Diamond, the son of a Jewish tailor in Minsk, was born on February 12, 1900. In 1908 his family immigrated to the United States, and he grew up in Quincy, Massachusetts. Mr. Diamond enlisted in the United States Army on October 14, 1918 and was honorably discharged on December 9, 1918. He graduated with a degree in Electrical Engineering from Massachusetts Institute of Technology in 1922. Diamond worked for the General Electric company for 18 months. He completed his master's degree in Electrical Engineering in 1925 and an Electrical Engineering instructor for 4 years at Lehigh University in electrical engineering.

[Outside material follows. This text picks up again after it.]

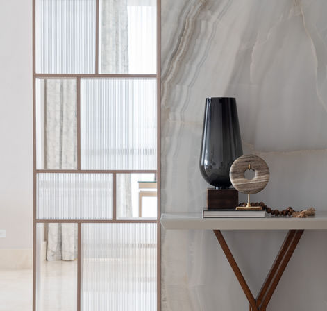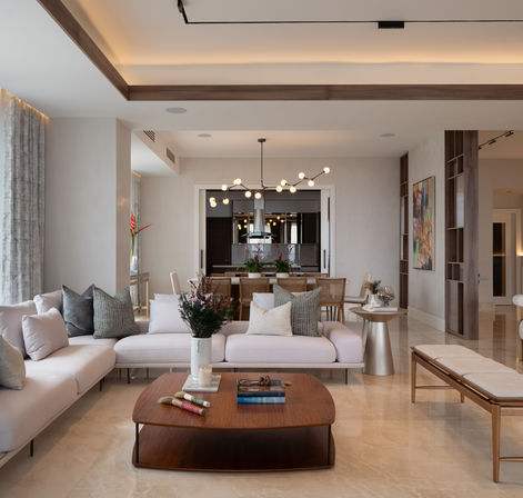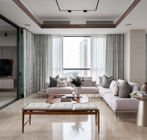 Esta residencia se define por su estilo contemporáneo con influencias minimalistas, donde se destaca la selección de materiales de alta calidad y piezas únicas que aportan distinción. En un diseño semiabierto, se ha logrado separar visualmente la zona de entrada sin comprometer la sensación de amplitud, logrando una transición fluida entre los diferentes espacios. Se han diseñado separadores de ambientes con partes huecas y traslúcidas para permitir el paso de la luz, enmarcando dos piezas de cuarcita con un efecto "bookmatch" que añade un toque de sofisticación. Esta área se fusiona de manera armoniosa con la zona de estar y el comedor, ofreciendo diversas oportunidades de interacción. Además, se ha creado un espacio adyacente a la sala principal que promueve encuentros informales y proporciona mayor capacidad para los residentes. En la zona de TV, se ha integrado un sofá en tono verde salvia, que dentro de la paleta de colores verdes, aporta frescura sin comprometer la armonía con el resto de la decoración. La habitación principal combina elementos clásicos y modernos, evocando una elegancia atemporal.

He joined the National Bureau of Standards in 1927. Diamond headed up the research and development work of the Commerce Department’s newly organized Bureau of Air Commerce. Within two years he developed radio beacon system that permitted the first "blind" aircraft landing. Diamond and his team made the first visual-type radiobeacon system that enabled a pilot to keep on course and to know his approximate position at all times while in flight. direction service could be given to any number of planes flying the course, and that each airplane only had to carry a receiving set, with no other special equipment whatsoever. The pilot would obtain the necessary information pertaining to amplitude of course deviations hands-free and without requiring earphones. This was accomplished by the development of vibrating-reed indicators alerting the pilot to an off-course condition.
Harry Diamond became the Chief of the Electronics Division. The National Bureau of Standards was brought into the program, and he was given responsibility for this phase of the Bureau’s work. Within about four months of the start of the program, Diamond’s group established feasibility of the radio proximity fuze through conclusive tests in bombs dropped at the Naval Proving Ground at Dahlgren, Va. Throughout World War II, this group acted as the central laboratory of Division 4 of the National Defense Research Committee, where Diamond was the central figure of the group. Much of the basic proximity fuze technology was developed under his direction.